[Opening TASK DATA section]
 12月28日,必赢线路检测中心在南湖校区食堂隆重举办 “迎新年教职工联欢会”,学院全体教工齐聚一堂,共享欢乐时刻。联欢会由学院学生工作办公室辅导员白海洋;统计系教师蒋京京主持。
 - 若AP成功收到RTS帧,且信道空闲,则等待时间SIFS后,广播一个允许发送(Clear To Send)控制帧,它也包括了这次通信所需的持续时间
[Closing TASK DATA section]
[Opening TASK DATA section]
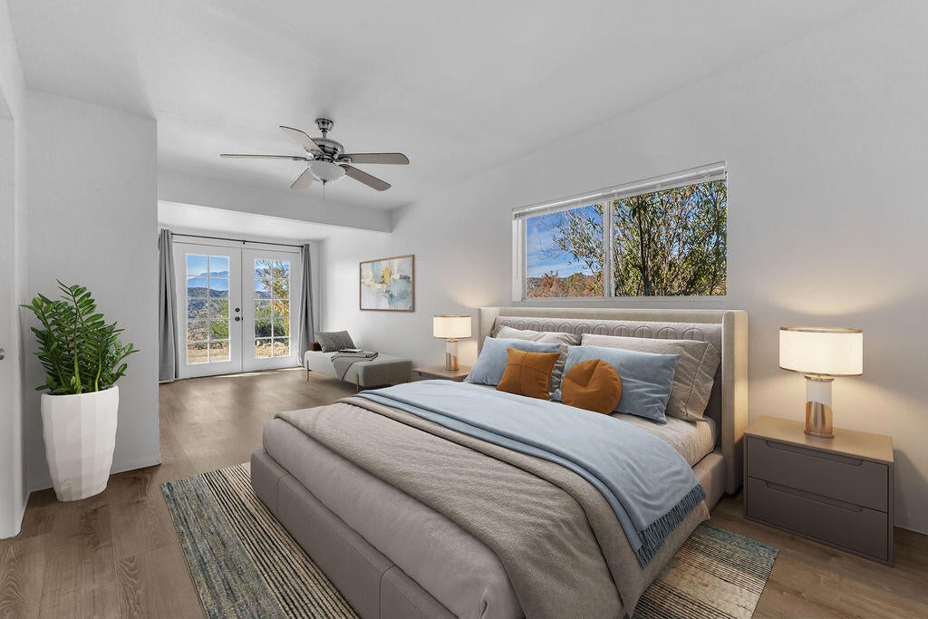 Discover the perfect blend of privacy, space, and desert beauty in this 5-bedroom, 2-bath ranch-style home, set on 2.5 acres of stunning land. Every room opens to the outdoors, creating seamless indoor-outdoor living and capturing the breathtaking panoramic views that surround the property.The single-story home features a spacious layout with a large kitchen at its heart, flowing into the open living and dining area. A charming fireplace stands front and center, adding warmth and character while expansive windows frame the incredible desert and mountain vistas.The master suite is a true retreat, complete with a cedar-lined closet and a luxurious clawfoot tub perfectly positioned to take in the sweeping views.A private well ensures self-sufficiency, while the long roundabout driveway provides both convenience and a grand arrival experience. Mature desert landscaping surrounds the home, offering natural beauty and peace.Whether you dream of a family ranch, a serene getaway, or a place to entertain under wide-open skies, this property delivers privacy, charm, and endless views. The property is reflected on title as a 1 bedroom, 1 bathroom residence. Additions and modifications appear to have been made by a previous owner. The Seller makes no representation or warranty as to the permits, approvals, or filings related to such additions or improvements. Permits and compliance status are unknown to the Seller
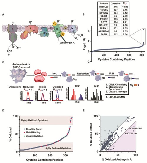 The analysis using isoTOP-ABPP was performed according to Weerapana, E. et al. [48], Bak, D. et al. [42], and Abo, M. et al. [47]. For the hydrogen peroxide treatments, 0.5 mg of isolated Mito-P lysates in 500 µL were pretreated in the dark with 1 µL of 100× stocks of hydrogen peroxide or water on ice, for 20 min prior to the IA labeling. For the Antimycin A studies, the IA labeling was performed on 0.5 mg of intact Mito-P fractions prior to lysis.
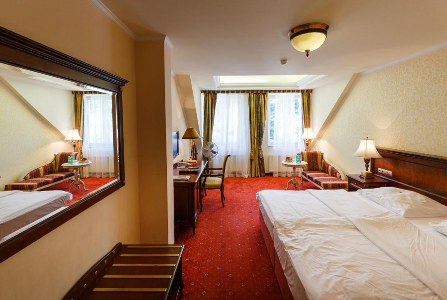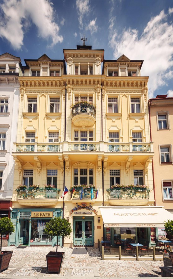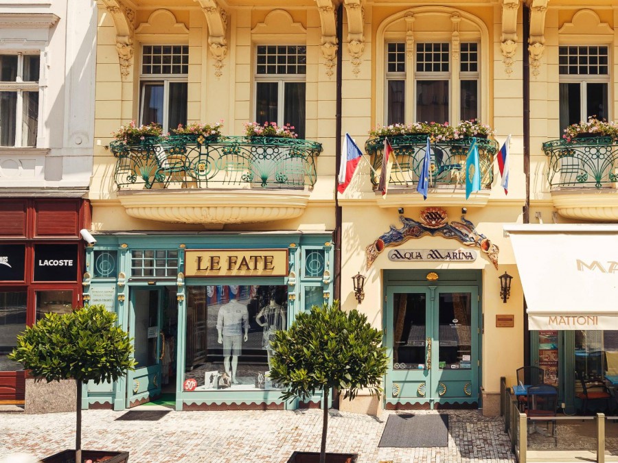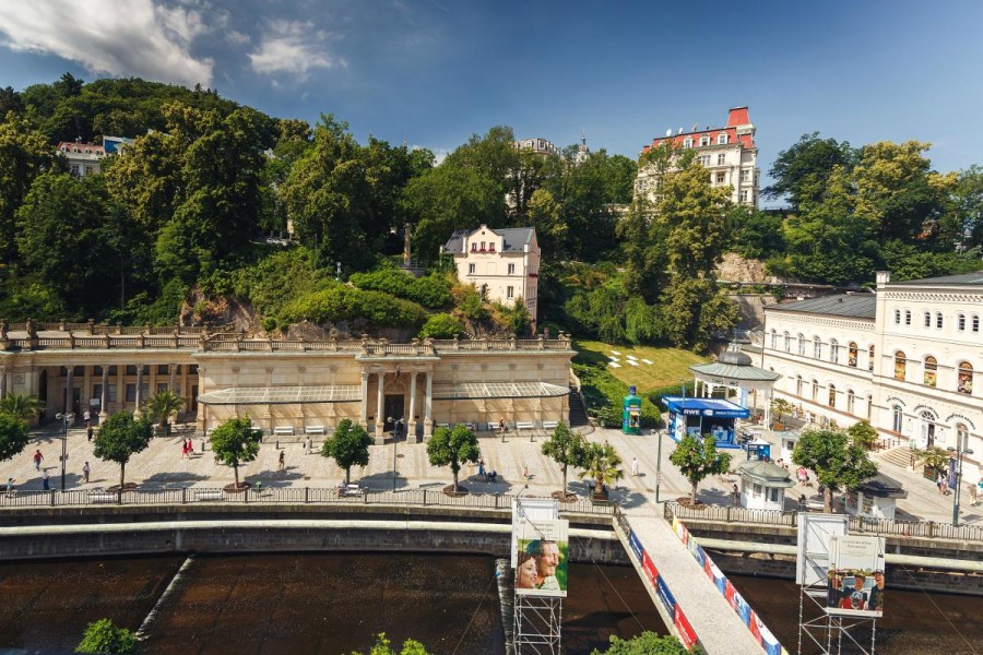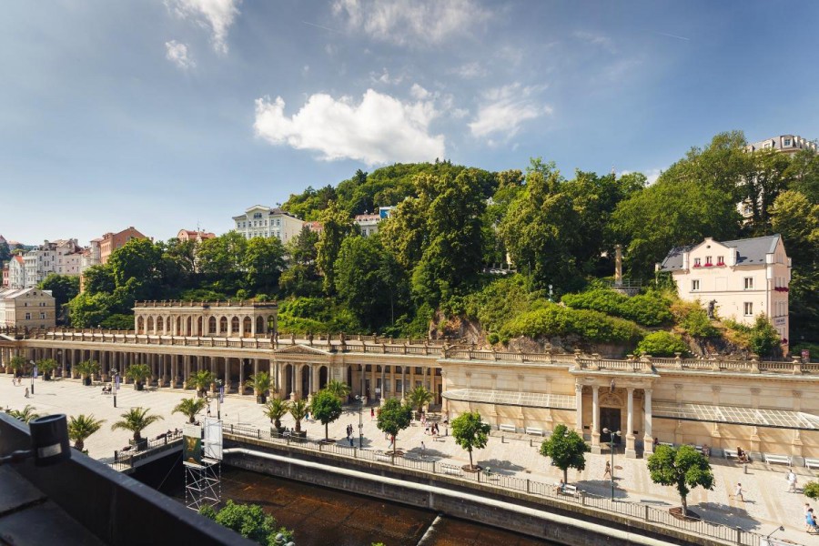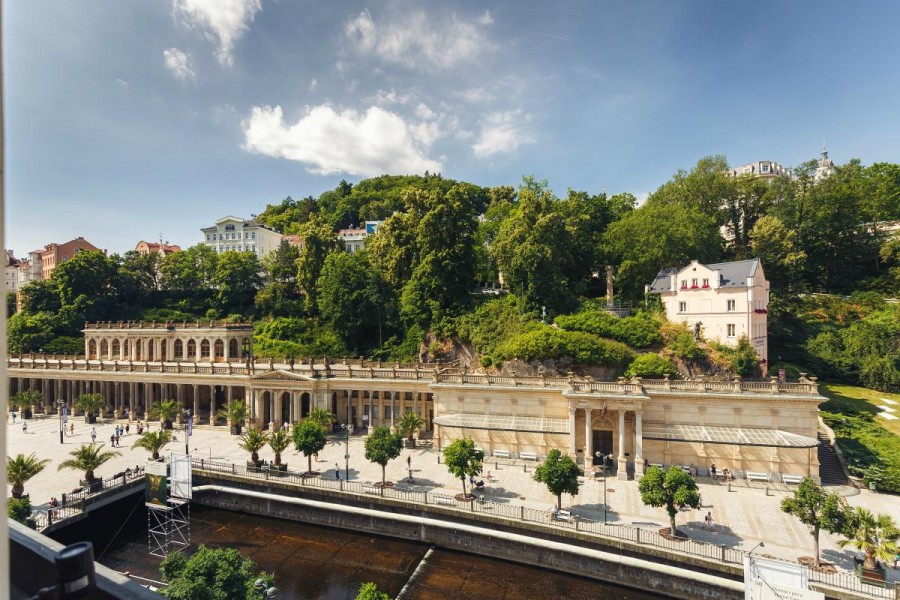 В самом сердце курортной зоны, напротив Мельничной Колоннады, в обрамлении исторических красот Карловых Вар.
[Closing TASK DATA section]
[Opening TASK DATA section]
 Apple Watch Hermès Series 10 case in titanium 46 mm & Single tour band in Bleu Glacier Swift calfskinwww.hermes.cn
[Closing TASK DATA section]
#### PROBLEM STATEMENT
Reproduce the data above exactly, but only from the line containing "The analysis using" through the line containing "В самом сердце"; skip the pictures.

#### TASK ANSWER
 The analysis using isoTOP-ABPP was performed according to Weerapana, E. et al. [48], Bak, D. et al. [42], and Abo, M. et al. [47]. For the hydrogen peroxide treatments, 0.5 mg of isolated Mito-P lysates in 500 µL were pretreated in the dark with 1 µL of 100× stocks of hydrogen peroxide or water on ice, for 20 min prior to the IA labeling. For the Antimycin A studies, the IA labeling was performed on 0.5 mg of intact Mito-P fractions prior to lysis.
 В самом сердце курортной зоны, напротив Мельничной Колоннады, в обрамлении исторических красот Карловых Вар.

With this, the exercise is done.